▶ **TASK TO COMPLETE**
Begin your copy at the line with "Ръчна цитрус преса" in the records below and end it at the line with "We have thus", restating each line word for word; omit the pictures.

▶ **AVAILABLE DATA**
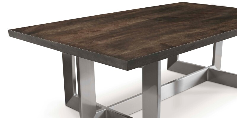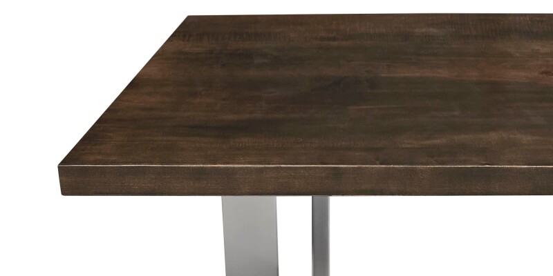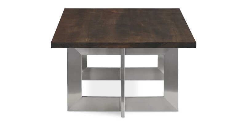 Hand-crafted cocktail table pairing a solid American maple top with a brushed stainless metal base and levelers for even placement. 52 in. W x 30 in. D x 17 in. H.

==

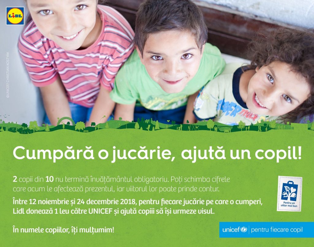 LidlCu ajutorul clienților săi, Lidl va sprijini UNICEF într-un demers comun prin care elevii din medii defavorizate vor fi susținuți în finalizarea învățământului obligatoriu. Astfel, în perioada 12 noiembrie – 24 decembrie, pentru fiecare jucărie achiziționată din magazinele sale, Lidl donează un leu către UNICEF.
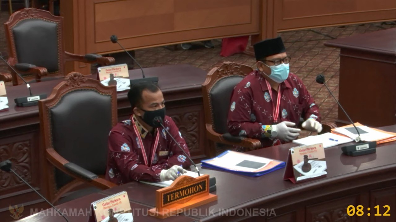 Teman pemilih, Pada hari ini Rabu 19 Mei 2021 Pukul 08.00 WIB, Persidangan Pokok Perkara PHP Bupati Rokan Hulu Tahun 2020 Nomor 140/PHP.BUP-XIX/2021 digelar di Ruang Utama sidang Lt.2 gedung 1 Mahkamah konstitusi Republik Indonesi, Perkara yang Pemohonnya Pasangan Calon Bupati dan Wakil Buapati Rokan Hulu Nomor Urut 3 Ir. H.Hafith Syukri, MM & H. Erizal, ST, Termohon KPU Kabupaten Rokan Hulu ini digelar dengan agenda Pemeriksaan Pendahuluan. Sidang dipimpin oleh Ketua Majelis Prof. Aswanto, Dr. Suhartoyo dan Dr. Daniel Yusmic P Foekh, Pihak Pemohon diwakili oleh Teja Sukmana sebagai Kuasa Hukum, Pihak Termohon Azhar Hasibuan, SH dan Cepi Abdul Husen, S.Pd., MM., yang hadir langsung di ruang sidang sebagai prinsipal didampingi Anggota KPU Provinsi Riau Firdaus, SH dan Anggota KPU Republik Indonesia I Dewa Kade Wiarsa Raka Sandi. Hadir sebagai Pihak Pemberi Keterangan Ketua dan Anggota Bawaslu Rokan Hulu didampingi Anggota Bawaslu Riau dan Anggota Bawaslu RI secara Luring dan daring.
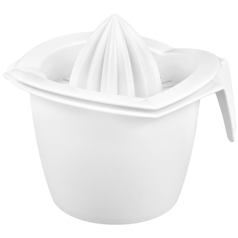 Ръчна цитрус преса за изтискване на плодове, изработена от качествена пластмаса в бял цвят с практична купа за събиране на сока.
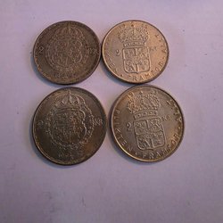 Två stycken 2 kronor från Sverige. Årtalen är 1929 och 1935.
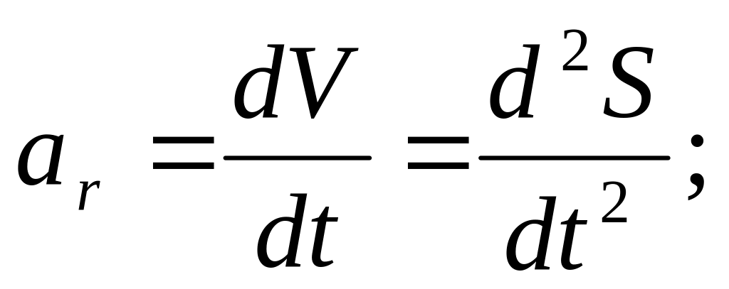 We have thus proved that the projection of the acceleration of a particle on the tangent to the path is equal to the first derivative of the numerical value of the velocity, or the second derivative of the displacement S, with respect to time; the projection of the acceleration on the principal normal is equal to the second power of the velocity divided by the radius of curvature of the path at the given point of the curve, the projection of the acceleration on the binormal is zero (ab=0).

...

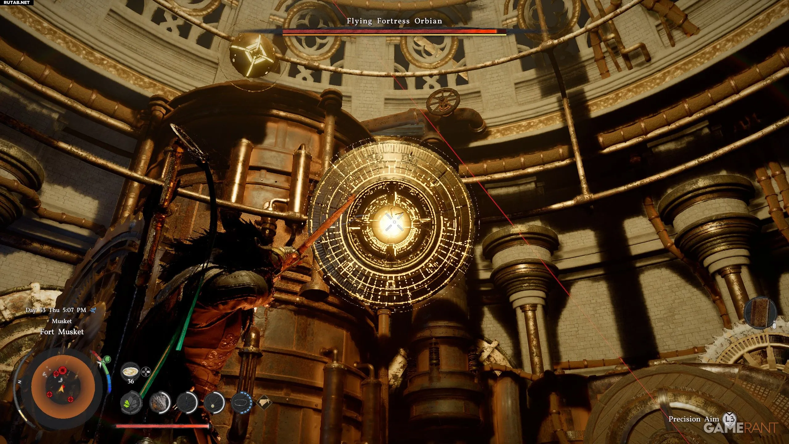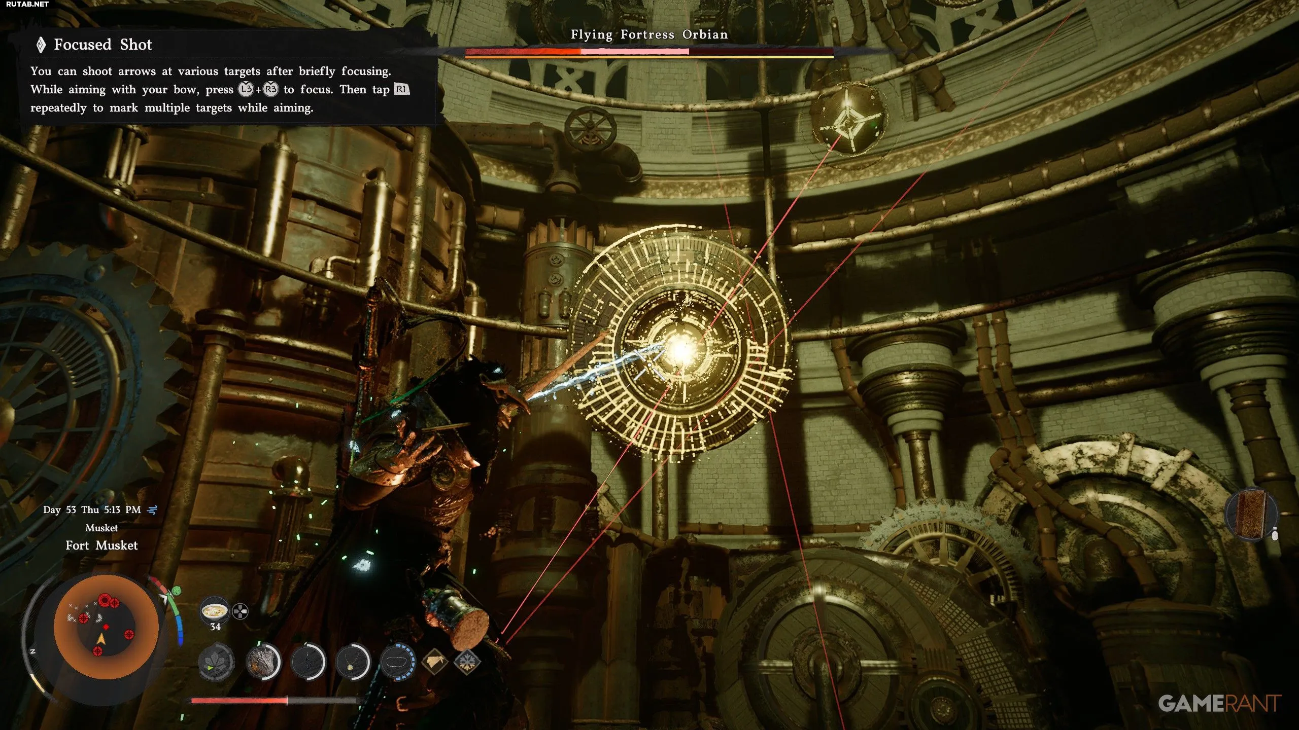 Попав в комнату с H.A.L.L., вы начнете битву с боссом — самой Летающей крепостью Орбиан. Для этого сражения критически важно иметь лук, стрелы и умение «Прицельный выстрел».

▶ **ANSWER BOX**
 Ръчна цитрус преса за изтискване на плодове, изработена от качествена пластмаса в бял цвят с практична купа за събиране на сока.
 Två stycken 2 kronor från Sverige. Årtalen är 1929 och 1935.
 We have thus proved that the projection of the acceleration of a particle on the tangent to the path is equal to the first derivative of the numerical value of the velocity, or the second derivative of the displacement S, with respect to time; the projection of the acceleration on the principal normal is equal to the second power of the velocity divided by the radius of curvature of the path at the given point of the curve, the projection of the acceleration on the binormal is zero (ab=0).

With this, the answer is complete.